* [What this task involves] The pictures are to be omitted when the entries are reproduced exactly.

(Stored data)

_____

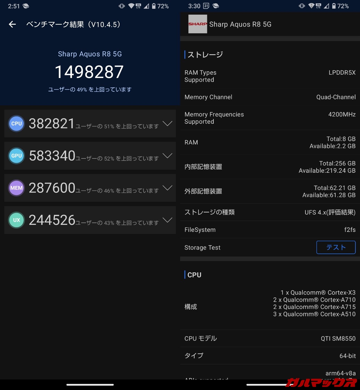 AQUOS R8のスペック・ベンチマーク、検証結果
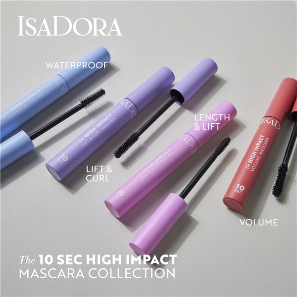 IsaDora The 10 Sec High Impact Waterproof Mascara är en vattenfast mascara för omedelbar längd och lyft som håller länge.
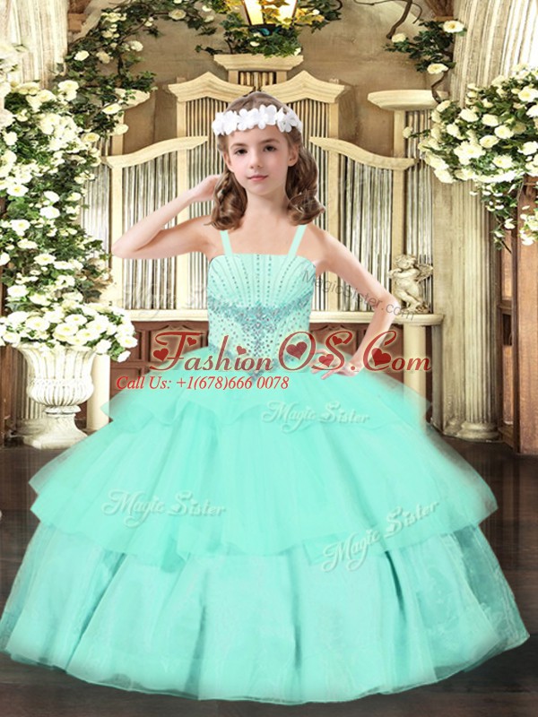Home >  Special Occasion Dresses >  Beautiful Kids Pageant Dresses > On Sale Apple Green Sleeveless Beading and Ruffled Layers Floor Length High School Pageant Dress
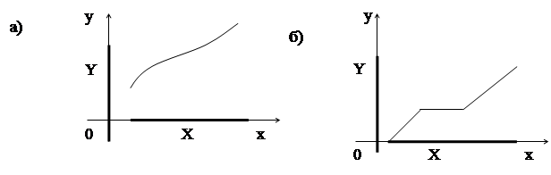 Функция с графиком (а) является инъективной, так как каждая горизонтальная прямая, проходящая через точку b оси OУ имеет не более, чем одну общую точку с графиком. Эта функция не является сюръективной, так как, например, горизонтальные прямые, проходящие через точки с отрицательными ординатама, не пересекают график функции ни разу.График (б) – это график функции, которая сюръективна, но не инъективна. Каждая горизонтальная прямая, проходящая через точки У, обязательно имеет хотя бы одну общую точку с графиком. Однако, у самой функции имеется горизонтальный участок, поэтому при соответствующем значении у
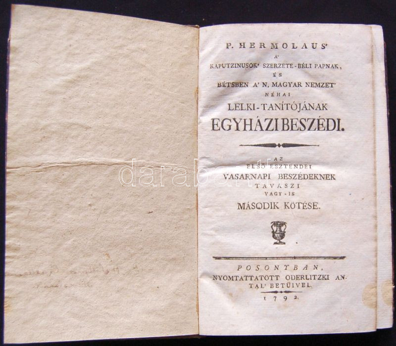 Móré György: P. Hermolaus a kaputzinusok szerzete-béli papnak, és Bétsben a n. magyar nemzet néhai lelki-tanítójának egyházi - beszédei. Pozsonyban, 1794. Patzkó Ferentz betűivel. Korabeli papírkötésben, szép állapotban

_____

* [Answer space]
 AQUOS R8のスペック・ベンチマーク、検証結果
 IsaDora The 10 Sec High Impact Waterproof Mascara är en vattenfast mascara för omedelbar längd och lyft som håller länge.
Home >  Special Occasion Dresses >  Beautiful Kids Pageant Dresses > On Sale Apple Green Sleeveless Beading and Ruffled Layers Floor Length High School Pageant Dress
 Функция с графиком (а) является инъективной, так как каждая горизонтальная прямая, проходящая через точку b оси OУ имеет не более, чем одну общую точку с графиком. Эта функция не является сюръективной, так как, например, горизонтальные прямые, проходящие через точки с отрицательными ординатама, не пересекают график функции ни разу.График (б) – это график функции, которая сюръективна, но не инъективна. Каждая горизонтальная прямая, проходящая через точки У, обязательно имеет хотя бы одну общую точку с графиком. Однако, у самой функции имеется горизонтальный участок, поэтому при соответствующем значении у
 Móré György: P. Hermolaus a kaputzinusok szerzete-béli papnak, és Bétsben a n. magyar nemzet néhai lelki-tanítójának egyházi - beszédei. Pozsonyban, 1794. Patzkó Ferentz betűivel. Korabeli papírkötésben, szép állapotban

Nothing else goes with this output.